My cousin Roger and I were eventually dispatched to my grandfather's bedroom. We were given the task of clearing out his dresser. Roger was about a year younger than I was, and his father and mine were the two sons who had made decent livings for themselves. My father's family was not rich by any means, my grandfather being a retired police officer from the 1950's when pensions were small but sufficient; however, my father had put himself through university to get a BS and eventually an MBA, and my Roger's father had opened his own successful business. The other aunts and uncles, though, were basically living paycheck-to-paycheck like most Americans still are doing today.

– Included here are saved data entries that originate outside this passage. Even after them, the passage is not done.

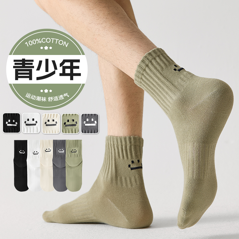 袜子男纯棉防臭7a抗菌运动袜秋春青少年学生大码中筒100%新疆棉袜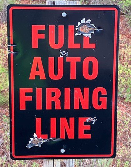 Please be aware that the use of Forced Reset Trigers (FRT) Assited Reset Trigger (ART), Binary Triger or Full Auto is allowed on range 3 only and you must be at the Full Auto Firing Line which is located 15-25 yards from the berm.Please dont shoot the sign or the steel plates.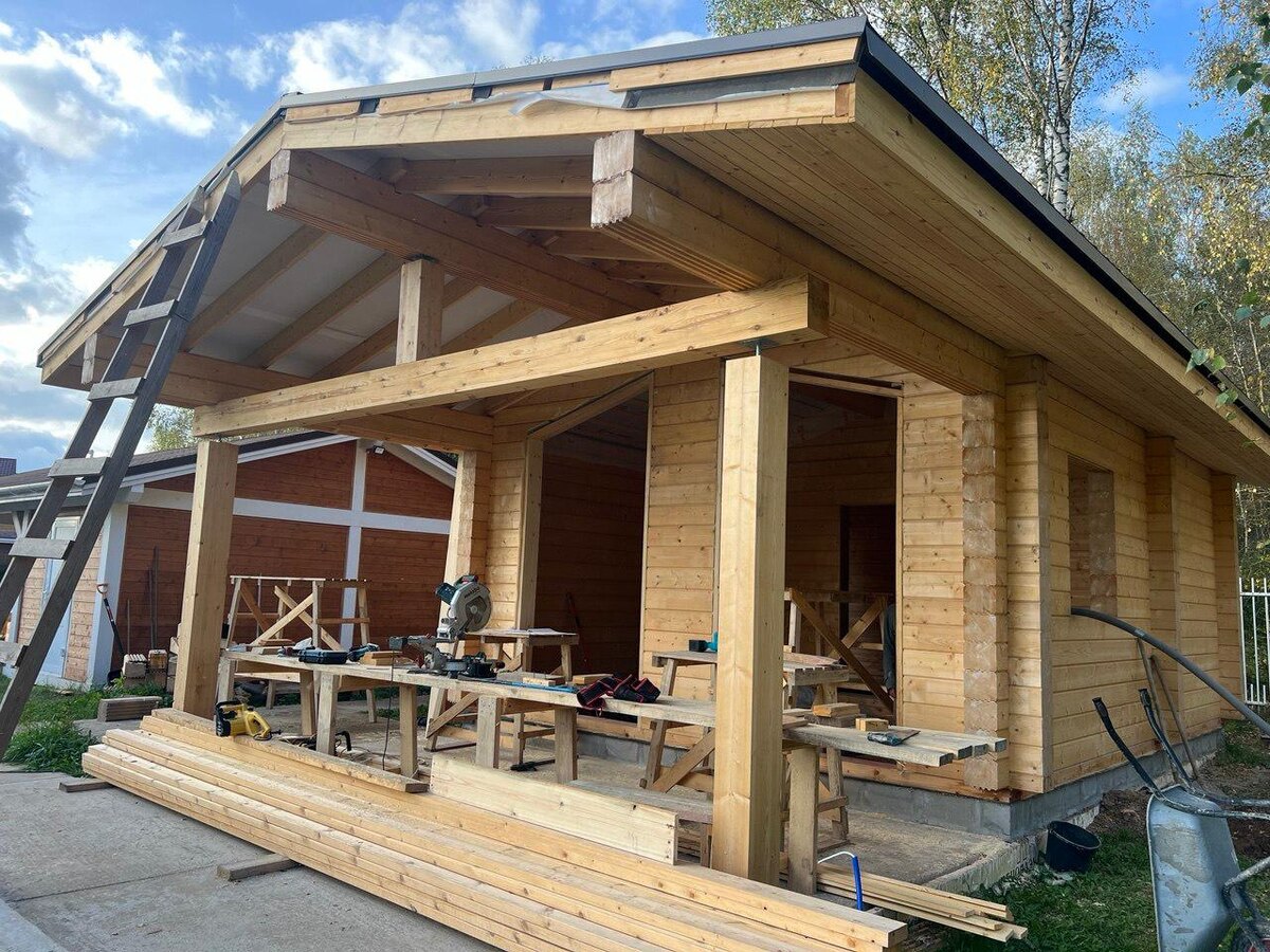 🧱 Новости со стройки: баня по индивидуальному проекту из клееного бруса почти готова к внутренней отделке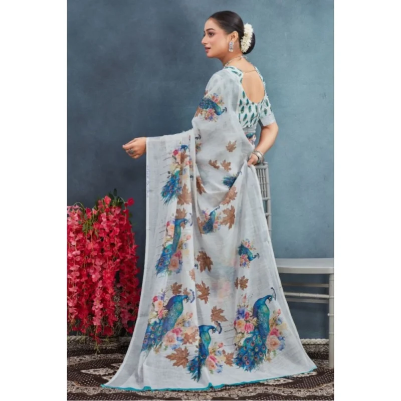 Women’s Linen Floral Printed Saree With Unstitched Blouse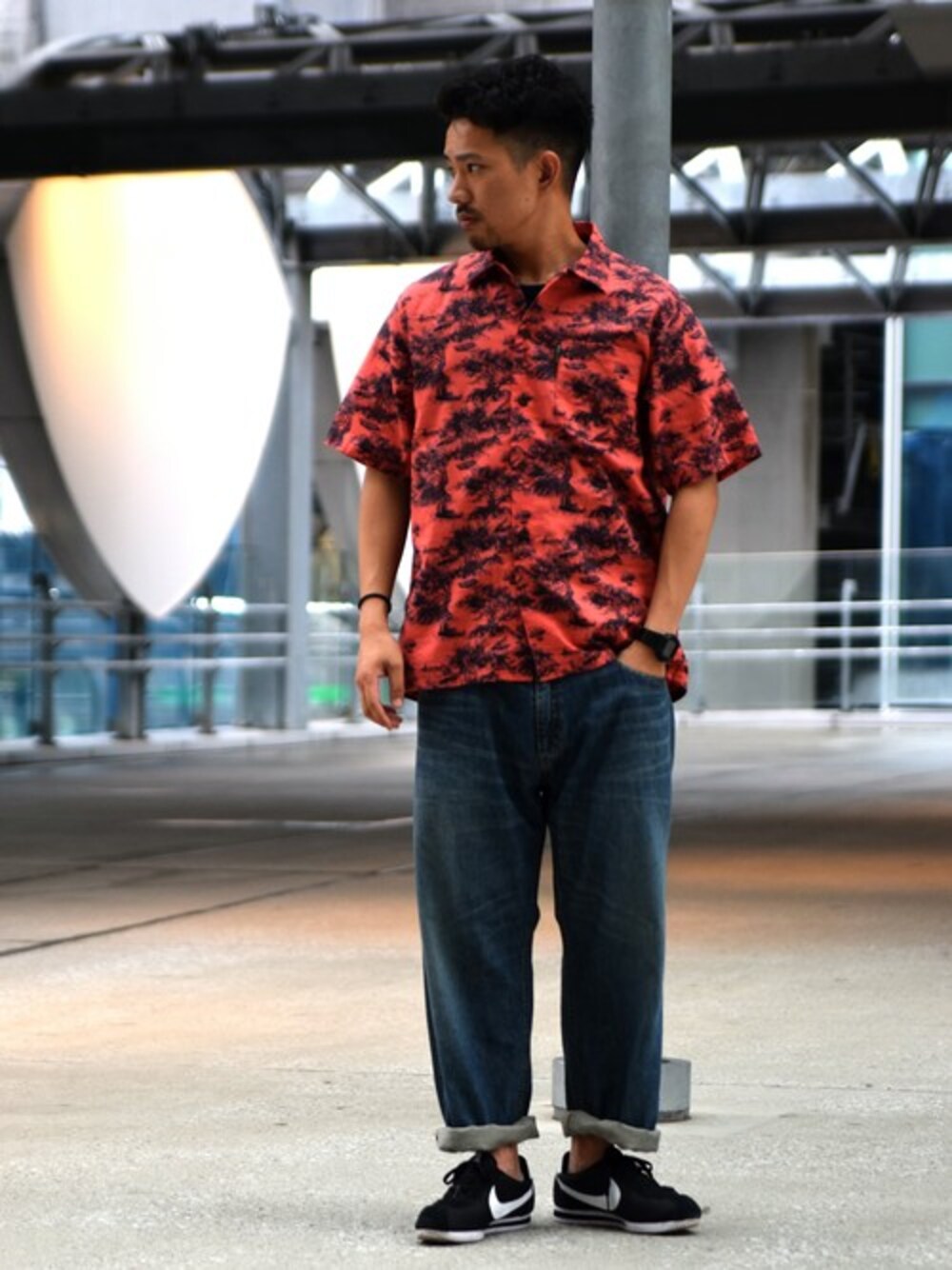 オリジナルテキスタイル【SWAMP】の柄シャツをメインに夏でも活躍してくれる薄手のデニムパンツを合わせた夏のストリートカジュアルスタイル。

While clearing out the drawers, Roger and I came across my grandfather's old service revolver. We were southern boys, so we knew about guns and merely set it safely aside with the other items we were cataloging. We also came across a "blackjack." I asked my father about it when we told him about the revolver (which my father put out of the reach of our younger cousins). A blackjack is a leather device that looks much like a very small dumbbell, and has a small weight made of lead - maybe a fishing lure weight - at either end of the "dumbbell." The wielder holds one piece of leather-covered lead, and swings the blackjack as a small club. The leather and the weight of the lead increasing the force of the subsequent impact. A blackjack is a close cousin of "brass knuckles." My father explained that my grandfather had disarmed the blackjack wielder after being struck by it, and had kept the blackjack as a souvenir. I can tell you no more of the fate of the blackjack wielder.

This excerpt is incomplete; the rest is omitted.